This document answers common questions developers might have about the flakestorm codebase. It's designed to help project maintainers explain design decisions and help contributors understand the codebase.


Table of Contents

  1. Architecture Questions
  2. Configuration System
  3. Mutation Engine
  4. Assertion System
  5. Performance & Rust
  6. Agent Adapters
  7. Testing & Quality
  8. Extending flakestorm
  9. Common Issues

Architecture Questions

Q: Why is the codebase split into core, mutations, assertions, and reports?

A: This follows the Single Responsibility Principle (SRP) and makes the codebase maintainable:

Module Responsibility
core/ Orchestration, configuration, agent communication
mutations/ Adversarial input generation
assertions/ Response validation
reports/ Output formatting

This separation means:

  • Changes to mutation logic don't affect assertions
  • New report formats can be added without touching core logic
  • Each module can be tested independently

Q: Why use async/await throughout the codebase?
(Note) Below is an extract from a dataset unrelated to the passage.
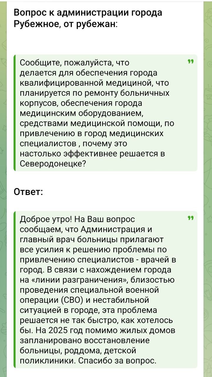 "Сообщите, пожалуйста, что делается для обеспечения города квалифицированной медициной, которая планируется по ремонту больничных корпусов, обеспечения города медицинским оборудованием, средствами медицинской помощи, привлечения в город медицинских специалистов, почему это эффективнее решается в Северодонецке (Северодонецке)?"
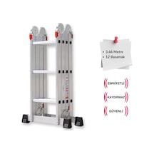 Endokon Platformlu 3,46 Metre - 12 Basamaklı Katlanır Akrobat Merdiven - Büyük Menteşe - Kalın Profil

A: Agent testing is I/O-bound, not CPU-bound. The bottleneck is waiting for:

  1. LLM responses (mutation generation)
  2. Agent responses (test execution)

Async allows running many operations concurrently:

# Without async: 100 tests × 500ms = 50 seconds
# With async (10 concurrent): 100 tests / 10 × 500ms = 5 seconds

The semaphore in orchestrator.py controls concurrency:

semaphore = asyncio.Semaphore(self.config.advanced.concurrency)

async def _run_single_mutation(self, mutation):
    async with semaphore:  # Limits concurrent executions
        return await self.agent.invoke(mutation.mutated)

Q: Why is there both an orchestrator.py and a runner.py?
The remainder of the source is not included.